Jika ada kehilangan garam yang nyata (seperti jatuhnya konsentrasi Na plasma) akan menjadikan keadaan semakin buruk. ECF tidak hanya menurun karena kehilangan secara eksternal tetapi karena ketidakmampuan mempertahankan air melawan tekanan osmotik ICF. Air akan masuk ke dalam sel sampai konsentrasi ICF dan ECF seimbang.
II.2. Hiponatraemia dan Hipernatraemia
Lebih lanjut hiponatraemia dapat disebabkan karena patologis, overhidrasi, retensi air dalam mempertahankan volume plasma (haus dan ADH). Hiponatraemia yang keras dapat menyebabkan gangguan intestinal dan neurologis.

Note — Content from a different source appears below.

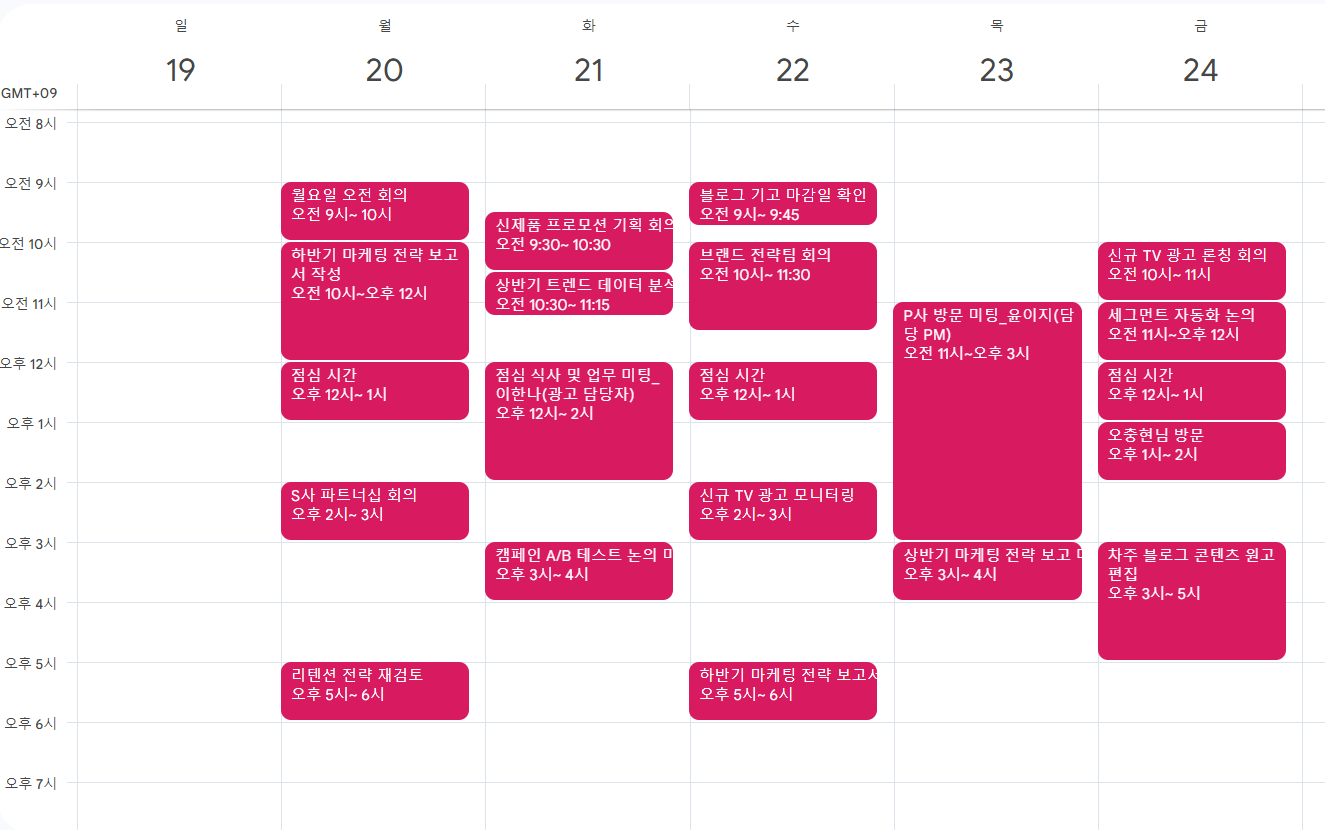 오른쪽은 GPT를 이용해서 '타임 블로킹'을 한 모습.

Pada hipernatraemia yang keras (>160 mmol/lt) dapat menyebabkan gejala klinis nonspesifik yang keras seperti konvulsi karena keracunan garam pada babi dan pedet.
II.3.  Potasium
Tidak seperti halnya Na yang menjadi ion esensial ECF, K sangat dominan pada ICF. Penyebab utama kehilangan K adalah anoreksia, peningkatan ekresi urin dan diare. Secara klinis kehilangan K dapat menyebabkan otot lemas, baik otot rangka maupun otot polos. Penyebab utama retensi K adalah deplesi volume yang keras (akibat membawa Na ke distal nefron), kegagalan ginjal akut dan bocornya K dari RBC. Aldosteron menjadi pengatur utama retensi dan ekresi K.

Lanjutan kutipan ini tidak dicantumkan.